= Deo Gratias Photo Studio =

Photographic Studio in Ghana

Deo Gratias Photo Studio is a photo studio in Ghana. It was founded by James Koblah Bruce Vanderpuije and sons; Isaac Hudson and Ernest John in 1922. It is the oldest operating photographic studio in Ghana. It is located in Jamestown. The studio is currently being managed by the grand daughter of J. K Bruce Vanderpuije- Kate Tamakloe Vanderpuije. "Deo Gratias" is a Latin expression which means Thanks be to God.

== History ==

Born in 1899, James belonged to a middle-class family in Jamestown in Accra, Ghana (then Gold Coast). He began learning photography from his master; J.A.C. Holm when he was 20 years old. After three years of apprenticeship, he founded his own studio by the name; Deo Gratias Photo Studio.
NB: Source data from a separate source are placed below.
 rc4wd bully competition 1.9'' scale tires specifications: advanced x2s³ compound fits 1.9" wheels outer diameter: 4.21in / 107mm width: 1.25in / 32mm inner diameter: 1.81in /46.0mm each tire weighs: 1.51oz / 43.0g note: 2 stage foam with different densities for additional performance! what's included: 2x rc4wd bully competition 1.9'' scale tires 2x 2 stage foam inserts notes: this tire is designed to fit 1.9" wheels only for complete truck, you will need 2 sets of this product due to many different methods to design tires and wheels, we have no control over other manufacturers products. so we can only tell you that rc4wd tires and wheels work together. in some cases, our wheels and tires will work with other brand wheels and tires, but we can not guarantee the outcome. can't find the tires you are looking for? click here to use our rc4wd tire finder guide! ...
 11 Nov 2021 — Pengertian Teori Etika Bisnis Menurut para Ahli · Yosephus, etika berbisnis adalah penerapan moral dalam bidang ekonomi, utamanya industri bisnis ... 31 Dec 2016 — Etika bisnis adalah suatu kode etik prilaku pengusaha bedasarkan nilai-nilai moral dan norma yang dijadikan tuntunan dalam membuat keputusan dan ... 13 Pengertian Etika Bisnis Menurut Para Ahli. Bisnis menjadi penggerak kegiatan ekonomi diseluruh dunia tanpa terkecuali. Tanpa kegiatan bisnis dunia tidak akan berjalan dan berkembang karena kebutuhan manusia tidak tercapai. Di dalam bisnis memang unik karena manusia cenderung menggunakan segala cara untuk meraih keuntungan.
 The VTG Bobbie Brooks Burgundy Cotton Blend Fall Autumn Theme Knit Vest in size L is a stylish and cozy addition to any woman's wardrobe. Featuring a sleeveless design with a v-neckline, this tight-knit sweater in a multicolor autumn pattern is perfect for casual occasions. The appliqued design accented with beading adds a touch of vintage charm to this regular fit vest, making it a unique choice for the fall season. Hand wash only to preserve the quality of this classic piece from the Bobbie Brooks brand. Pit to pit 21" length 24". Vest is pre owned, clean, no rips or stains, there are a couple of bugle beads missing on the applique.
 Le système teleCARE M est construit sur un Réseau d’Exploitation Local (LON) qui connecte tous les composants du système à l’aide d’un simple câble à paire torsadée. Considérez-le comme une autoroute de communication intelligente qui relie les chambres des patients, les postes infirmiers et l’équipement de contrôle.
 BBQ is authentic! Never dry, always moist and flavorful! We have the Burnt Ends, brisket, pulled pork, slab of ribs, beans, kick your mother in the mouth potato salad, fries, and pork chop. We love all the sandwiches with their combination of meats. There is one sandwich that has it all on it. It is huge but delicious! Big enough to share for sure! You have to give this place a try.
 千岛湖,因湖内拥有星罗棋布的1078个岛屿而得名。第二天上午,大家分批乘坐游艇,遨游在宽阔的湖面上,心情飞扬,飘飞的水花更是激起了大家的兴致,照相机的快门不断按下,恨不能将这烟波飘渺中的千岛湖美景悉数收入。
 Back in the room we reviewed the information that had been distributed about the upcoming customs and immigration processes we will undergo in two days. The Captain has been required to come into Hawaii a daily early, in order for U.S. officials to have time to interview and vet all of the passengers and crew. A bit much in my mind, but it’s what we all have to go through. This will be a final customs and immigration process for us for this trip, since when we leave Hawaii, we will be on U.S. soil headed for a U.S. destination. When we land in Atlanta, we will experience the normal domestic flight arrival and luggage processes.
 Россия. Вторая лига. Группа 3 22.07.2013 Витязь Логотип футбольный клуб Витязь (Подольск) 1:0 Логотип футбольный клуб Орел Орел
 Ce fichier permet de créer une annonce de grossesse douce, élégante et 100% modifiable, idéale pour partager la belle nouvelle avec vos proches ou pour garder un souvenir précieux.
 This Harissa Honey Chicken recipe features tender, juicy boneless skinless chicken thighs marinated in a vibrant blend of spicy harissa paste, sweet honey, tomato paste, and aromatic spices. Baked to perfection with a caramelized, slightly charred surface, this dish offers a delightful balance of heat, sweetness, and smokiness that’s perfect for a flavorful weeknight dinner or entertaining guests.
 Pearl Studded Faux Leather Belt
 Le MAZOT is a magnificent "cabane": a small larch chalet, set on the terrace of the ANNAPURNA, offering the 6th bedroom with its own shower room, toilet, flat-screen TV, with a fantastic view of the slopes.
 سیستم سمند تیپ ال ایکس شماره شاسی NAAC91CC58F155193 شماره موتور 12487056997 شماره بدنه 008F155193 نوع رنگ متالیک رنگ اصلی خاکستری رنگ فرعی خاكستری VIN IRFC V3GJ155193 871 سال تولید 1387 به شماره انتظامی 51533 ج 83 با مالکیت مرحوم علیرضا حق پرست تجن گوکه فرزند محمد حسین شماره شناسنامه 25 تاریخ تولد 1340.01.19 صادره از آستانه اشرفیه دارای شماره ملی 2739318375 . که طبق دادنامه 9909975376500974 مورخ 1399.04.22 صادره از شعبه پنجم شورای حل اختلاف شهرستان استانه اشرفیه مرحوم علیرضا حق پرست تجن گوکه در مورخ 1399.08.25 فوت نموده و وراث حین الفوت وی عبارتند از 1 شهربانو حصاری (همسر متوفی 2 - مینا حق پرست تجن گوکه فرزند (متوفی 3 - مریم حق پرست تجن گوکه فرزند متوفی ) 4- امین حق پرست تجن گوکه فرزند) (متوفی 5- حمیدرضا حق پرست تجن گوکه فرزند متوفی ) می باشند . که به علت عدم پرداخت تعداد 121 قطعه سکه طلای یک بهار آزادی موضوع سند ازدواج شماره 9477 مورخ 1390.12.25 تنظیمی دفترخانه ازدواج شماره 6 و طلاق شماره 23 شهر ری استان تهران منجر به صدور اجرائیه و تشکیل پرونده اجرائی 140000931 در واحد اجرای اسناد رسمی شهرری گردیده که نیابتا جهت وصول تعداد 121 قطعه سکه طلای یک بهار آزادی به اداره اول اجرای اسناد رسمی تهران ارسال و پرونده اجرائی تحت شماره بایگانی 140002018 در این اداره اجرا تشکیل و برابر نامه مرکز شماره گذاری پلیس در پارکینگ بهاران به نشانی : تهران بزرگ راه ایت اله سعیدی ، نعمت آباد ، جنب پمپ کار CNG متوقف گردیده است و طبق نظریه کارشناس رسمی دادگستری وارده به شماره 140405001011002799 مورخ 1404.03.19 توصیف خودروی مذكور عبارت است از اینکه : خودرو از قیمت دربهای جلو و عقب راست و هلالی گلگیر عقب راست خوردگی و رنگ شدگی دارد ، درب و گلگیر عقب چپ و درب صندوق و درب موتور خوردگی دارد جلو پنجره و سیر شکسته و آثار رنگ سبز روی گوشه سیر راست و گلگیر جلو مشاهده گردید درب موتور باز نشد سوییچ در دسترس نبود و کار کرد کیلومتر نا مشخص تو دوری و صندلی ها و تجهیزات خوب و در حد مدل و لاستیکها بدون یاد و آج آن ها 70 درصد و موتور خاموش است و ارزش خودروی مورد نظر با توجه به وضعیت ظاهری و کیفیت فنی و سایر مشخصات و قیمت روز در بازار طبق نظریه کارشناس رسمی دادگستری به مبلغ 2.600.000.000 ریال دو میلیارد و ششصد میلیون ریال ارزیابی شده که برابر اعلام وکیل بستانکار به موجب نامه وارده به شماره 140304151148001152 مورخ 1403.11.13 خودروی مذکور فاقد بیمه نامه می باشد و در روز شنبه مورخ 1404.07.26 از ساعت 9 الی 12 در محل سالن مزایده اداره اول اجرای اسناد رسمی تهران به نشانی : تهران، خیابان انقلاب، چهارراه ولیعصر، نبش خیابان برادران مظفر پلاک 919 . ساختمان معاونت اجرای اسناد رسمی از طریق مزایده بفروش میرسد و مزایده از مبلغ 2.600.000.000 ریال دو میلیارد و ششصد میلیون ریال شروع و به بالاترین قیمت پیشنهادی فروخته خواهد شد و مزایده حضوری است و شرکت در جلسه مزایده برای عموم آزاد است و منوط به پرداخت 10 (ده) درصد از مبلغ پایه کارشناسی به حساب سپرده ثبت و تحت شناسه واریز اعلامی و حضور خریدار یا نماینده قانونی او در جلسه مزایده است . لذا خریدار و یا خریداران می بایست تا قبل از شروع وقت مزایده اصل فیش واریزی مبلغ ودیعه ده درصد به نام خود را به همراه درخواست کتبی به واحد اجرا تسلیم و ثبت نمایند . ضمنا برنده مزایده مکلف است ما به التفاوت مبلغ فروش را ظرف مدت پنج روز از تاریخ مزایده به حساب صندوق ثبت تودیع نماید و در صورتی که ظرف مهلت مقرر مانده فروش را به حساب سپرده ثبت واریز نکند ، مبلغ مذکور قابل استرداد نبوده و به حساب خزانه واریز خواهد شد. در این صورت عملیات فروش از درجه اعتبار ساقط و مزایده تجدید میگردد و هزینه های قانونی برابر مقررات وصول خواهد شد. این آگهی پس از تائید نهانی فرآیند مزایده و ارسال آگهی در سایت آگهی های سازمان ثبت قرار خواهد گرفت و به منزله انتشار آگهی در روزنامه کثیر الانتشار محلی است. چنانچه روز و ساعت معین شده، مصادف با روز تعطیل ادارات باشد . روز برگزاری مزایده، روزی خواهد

His interest in photography led him to make portraits of British and Indian families, as well as black aristocrats. Prior to the 1970s, he worked with companies to cover product launches and rebranding exercises.

Vanderpuije's son Isaac Hudson joined his father after schooling for sometime until he gained a government scholarship to study at High School for Graphic and Book Art (Hoch Schule für Grafiek und Buch Kunst), Leipzig, Germany. He was the first African to gain admission at the school's faculty of photography where he studied for five years.